## Task brief:
Where an image appears in the data, omit it and reproduce the rest exactly.

## Data below:
------------------------------------------------------------------------

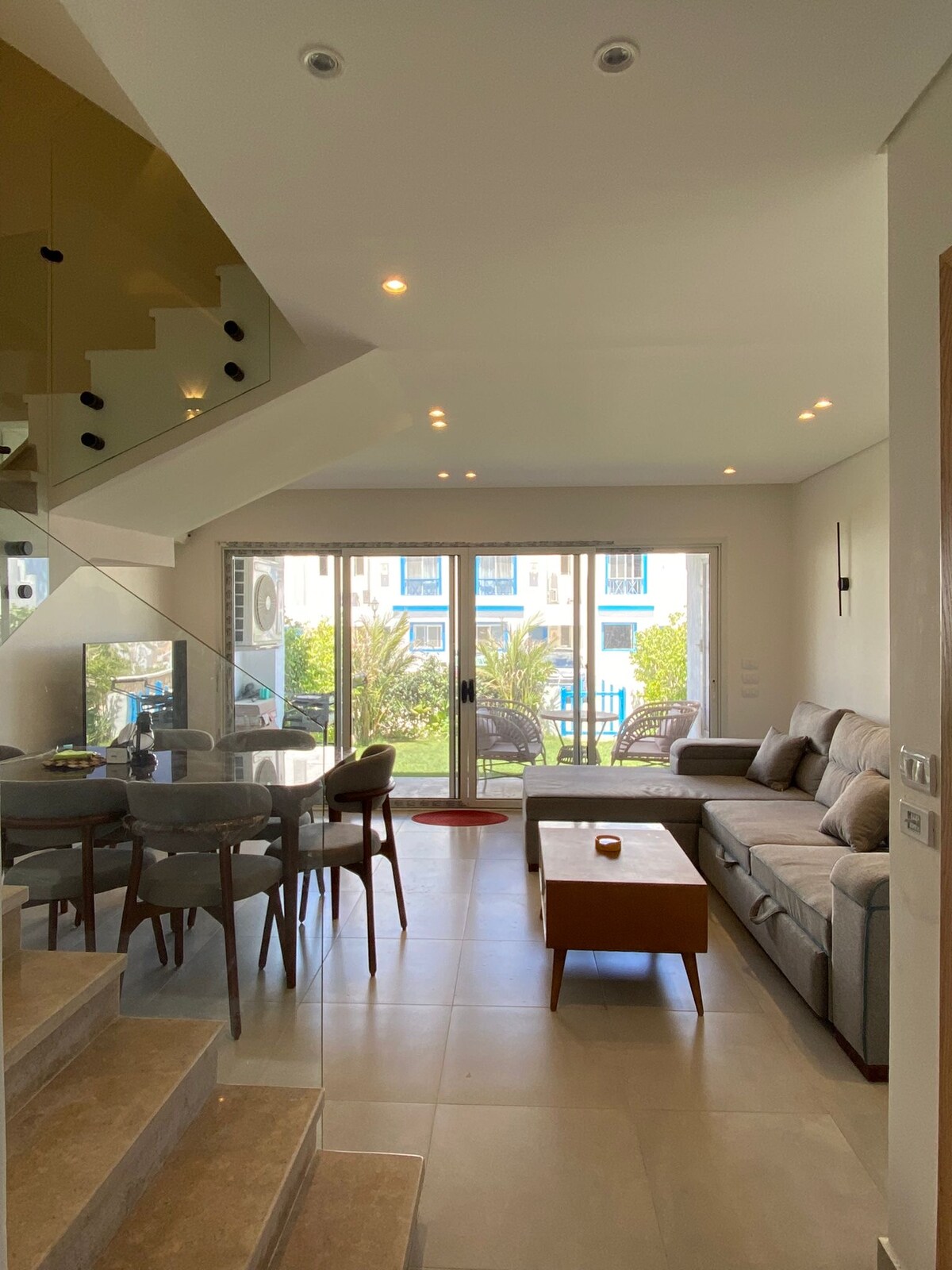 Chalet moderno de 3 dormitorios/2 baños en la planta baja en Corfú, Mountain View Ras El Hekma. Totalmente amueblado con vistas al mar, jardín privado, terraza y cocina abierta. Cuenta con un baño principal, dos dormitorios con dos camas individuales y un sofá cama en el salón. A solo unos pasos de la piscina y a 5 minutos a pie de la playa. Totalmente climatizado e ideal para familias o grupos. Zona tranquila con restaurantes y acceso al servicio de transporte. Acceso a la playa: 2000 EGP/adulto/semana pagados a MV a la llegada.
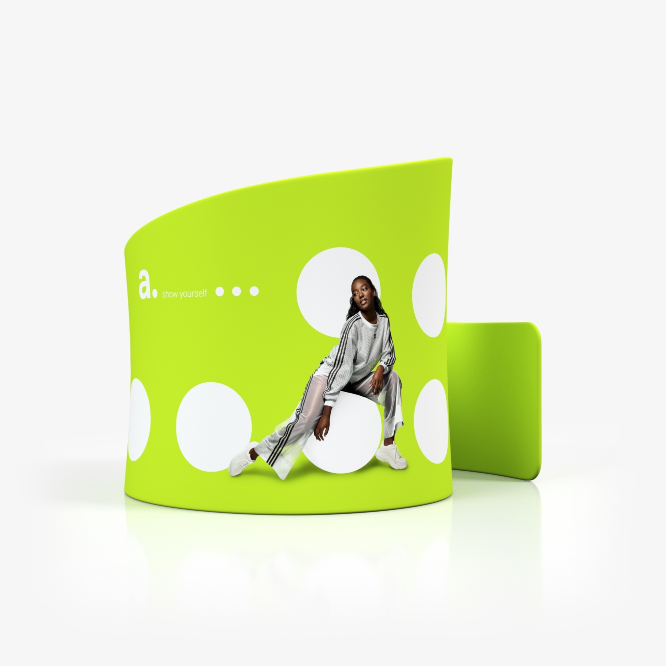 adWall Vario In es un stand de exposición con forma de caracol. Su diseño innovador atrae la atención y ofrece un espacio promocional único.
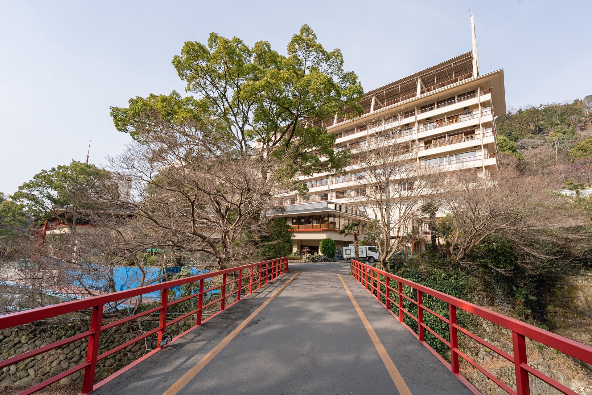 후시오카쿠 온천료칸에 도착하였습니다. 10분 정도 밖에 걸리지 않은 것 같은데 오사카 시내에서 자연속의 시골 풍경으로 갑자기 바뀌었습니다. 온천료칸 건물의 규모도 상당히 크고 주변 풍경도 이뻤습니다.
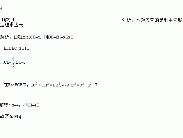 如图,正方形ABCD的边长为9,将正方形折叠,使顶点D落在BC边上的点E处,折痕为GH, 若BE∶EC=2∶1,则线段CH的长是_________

------------------------------------------------------------------------

## Exercise answer:
 Chalet moderno de 3 dormitorios/2 baños en la planta baja en Corfú, Mountain View Ras El Hekma. Totalmente amueblado con vistas al mar, jardín privado, terraza y cocina abierta. Cuenta con un baño principal, dos dormitorios con dos camas individuales y un sofá cama en el salón. A solo unos pasos de la piscina y a 5 minutos a pie de la playa. Totalmente climatizado e ideal para familias o grupos. Zona tranquila con restaurantes y acceso al servicio de transporte. Acceso a la playa: 2000 EGP/adulto/semana pagados a MV a la llegada.
 adWall Vario In es un stand de exposición con forma de caracol. Su diseño innovador atrae la atención y ofrece un espacio promocional único.
 후시오카쿠 온천료칸에 도착하였습니다. 10분 정도 밖에 걸리지 않은 것 같은데 오사카 시내에서 자연속의 시골 풍경으로 갑자기 바뀌었습니다. 온천료칸 건물의 규모도 상당히 크고 주변 풍경도 이뻤습니다.
 如图,正方形ABCD的边长为9,将正方形折叠,使顶点D落在BC边上的点E处,折痕为GH, 若BE∶EC=2∶1,则线段CH的长是_________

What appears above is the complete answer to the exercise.